During the song, Simone also takes the time to reflect on the loss of other role models and cultural beacons: “Lorraine Hansberry left us … and then Langston Hughes left us, Coltrane left us, Otis Redding left us. Who can go on? Do you realize how many we have lost? … We can’t afford any more losses. … They’re shooting us down one by one.”

Perhaps not surprisingly, Simone also used ‘Mississippi Goddam‘ in her Westbury concert to comment on King’s murder and to connect it to other incidents, not least the church bombing that had inspired the writing of the song.

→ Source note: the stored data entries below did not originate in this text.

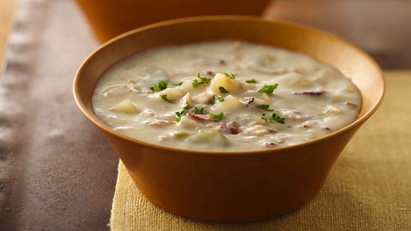 La clam chowder e’ forse la zuppa americana piu’ famosa. Viene dal New England ed e’ fatta con le vongole, il bacon, la panna. Ed e’ strabuona.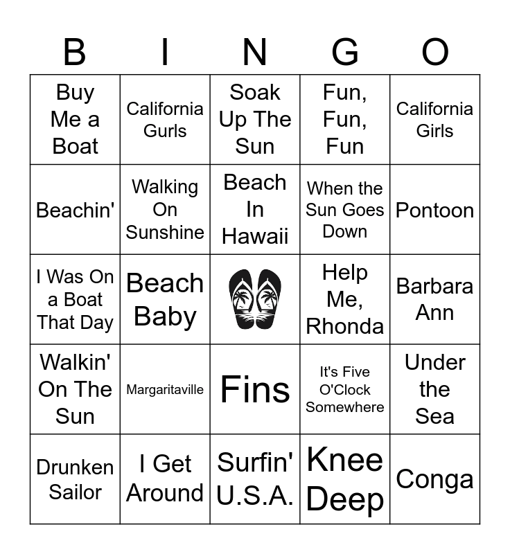 This bingo card has a free space and 52 words: Yo Ho, Conga, Red Solo Cup, Surfin' U.S.A., Margaritaville, Toes, California Gurls, Good Vibrations, Beachin', Jump in the Line, Walking On Sunshine, Don't Worry, Be Happy, Under the Sea, It's Five O'Clock Somewhere, Island Song, Cheeseburger In Paradise, Beach In Hawaii, Help Me, Rhonda, Beach Cruiser, California Girls, Beach Baby, Knee Deep, Buy Me a Boat, When the Sun Goes Down, Rock Lobster, Kokomo, Vacation, Beach Party, Pontoon, Luau Cha Cha Cha, Changes In Latitudes, Changes In Attitudes, Fun, Fun, Fun, All Summer Long, In the Summertime, Boat Drinks, Soak Up The Sun, I Get Around, The Tide Is High, Some Beach, Bang the Drum All Day, Come Sail Away, Barbara Ann, Walkin' On The Sun, Vacation, Fins, Volcano, Island In The Sun, I Was On a Boat That Day, Cruise, Catch A Wave, Drunken Sailor and Love Shack.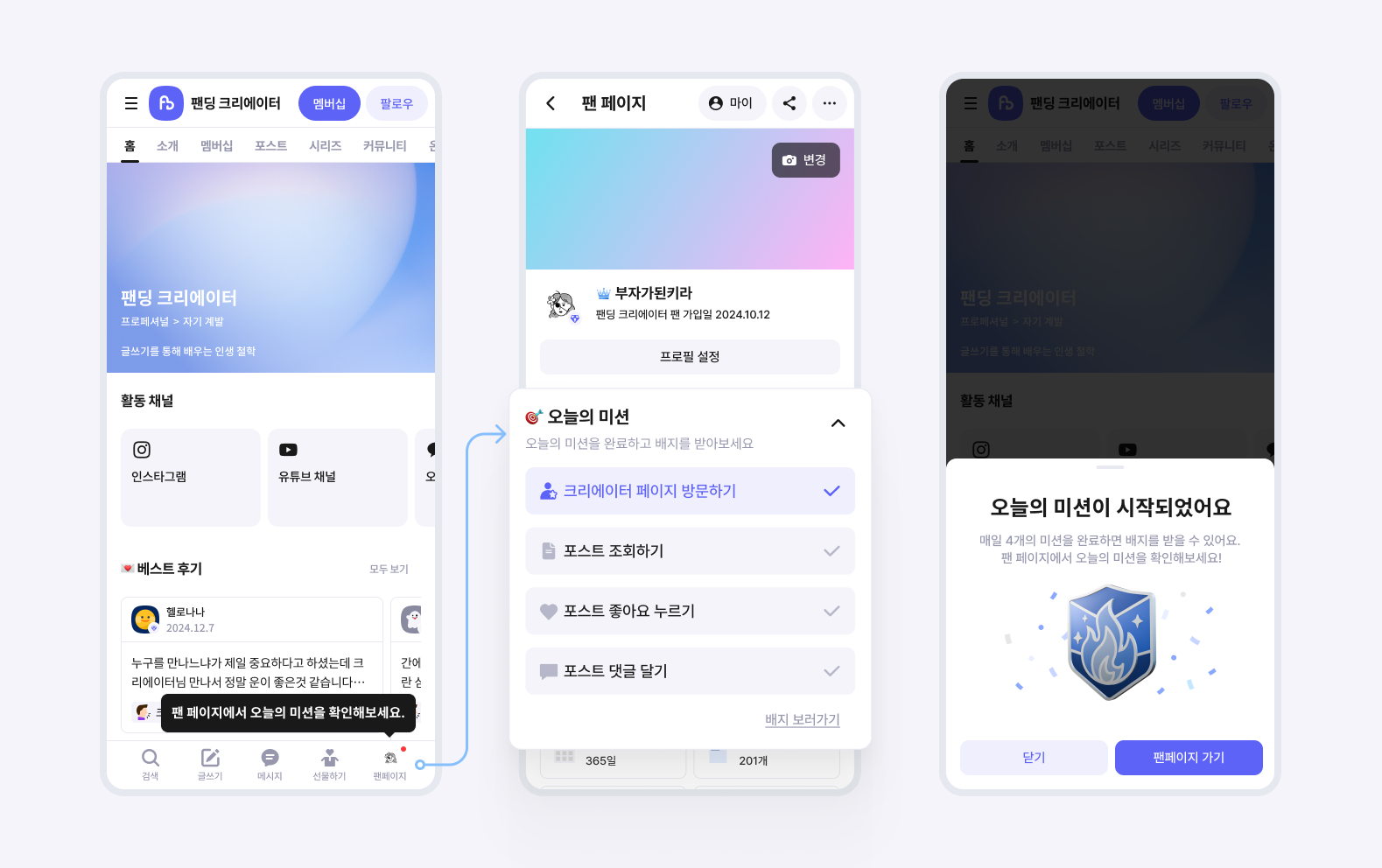 매일 주어지는 총 4가지의 오늘의 미션을 꾸준히 완료해 보세요! 특별한 배지를 획득할 수 있어요. (※ 일부 크리에이터에 한해 운영 중입니다.)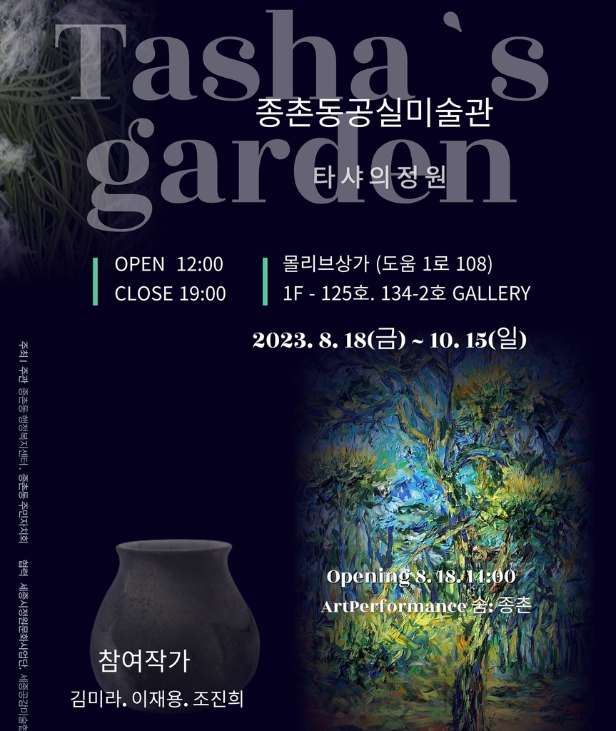 세종시 종촌동은 2023년 마을계획사업의 하나로 오는 18일부터 10월 15일까지 비어 있는 몰리브 상가 1층 2곳에서 미술작품 전시회 '타샤의 정원'을 개최한다고 17일 밝혔다.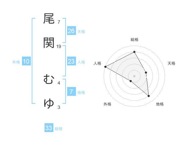 尾関 むゆさんの総格は33画の4点!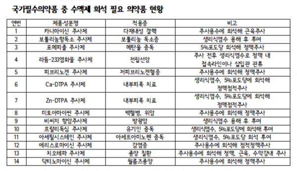 - 국가필수의약품 중 14개 기초수액제 없이 사용 불가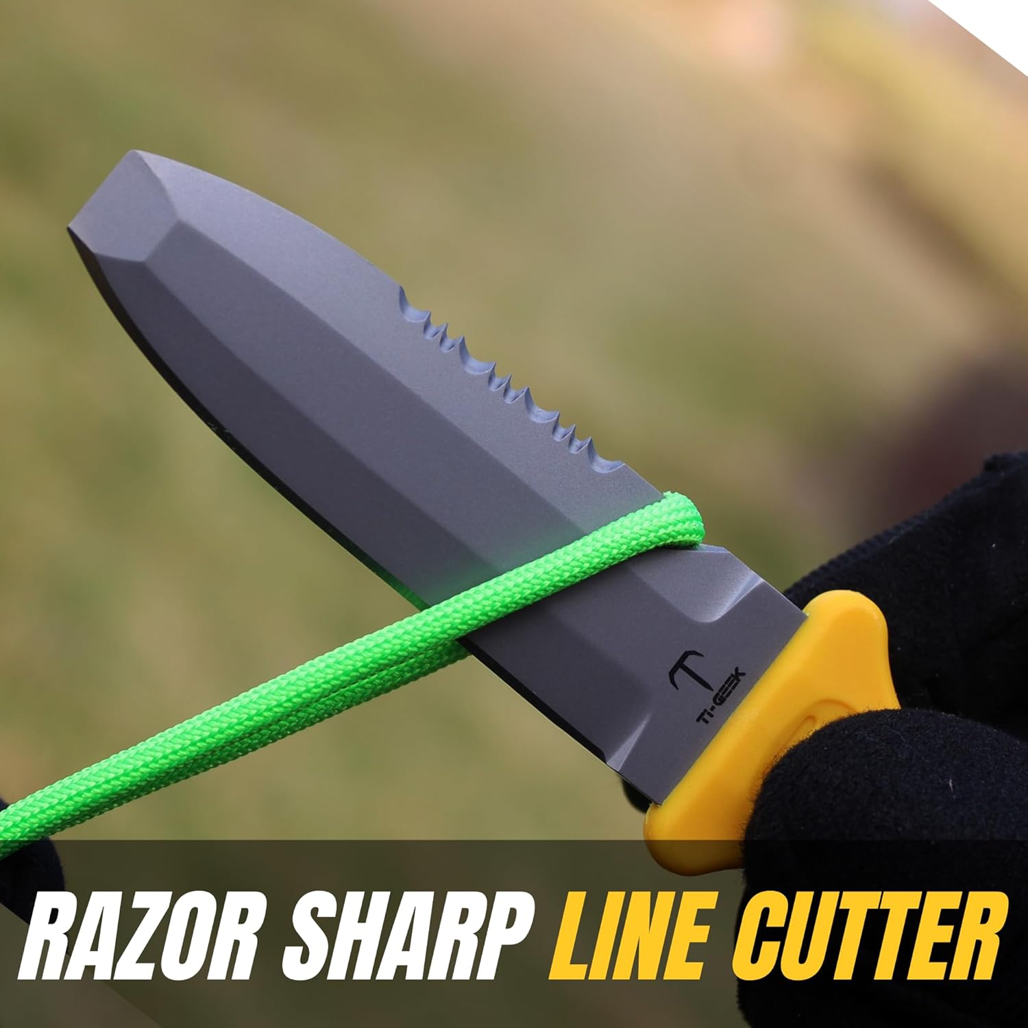 [Bright Colors & Gripped Handle]: Bright Neon Green & Neon Yellow allow you to see the knife even in Murky waters. Easy visibility is essential in a bind. We added grooves to improve the grip on both sides for right and left handed people

At one point she replaces “Tennessee” with “Memphis”, a reference to the city where King was shot; later, calling upon the audience to join her in song, Simone shouts “the time is too late now … the King is dead!” As if it were not clear that ‘Mississippi Goddam’ is delivering on the threats hinted at in ‘Why?’, Simone declares “I ain’t about to be nonviolent honey!” Unlike the version of the song immortalized on the In Concert album, here it is Simone who is laughing. Her laughter seems as strange and out of place as that of the audience in the earlier version but we should probably hear it as an illogical response to an illogical and impossible situation.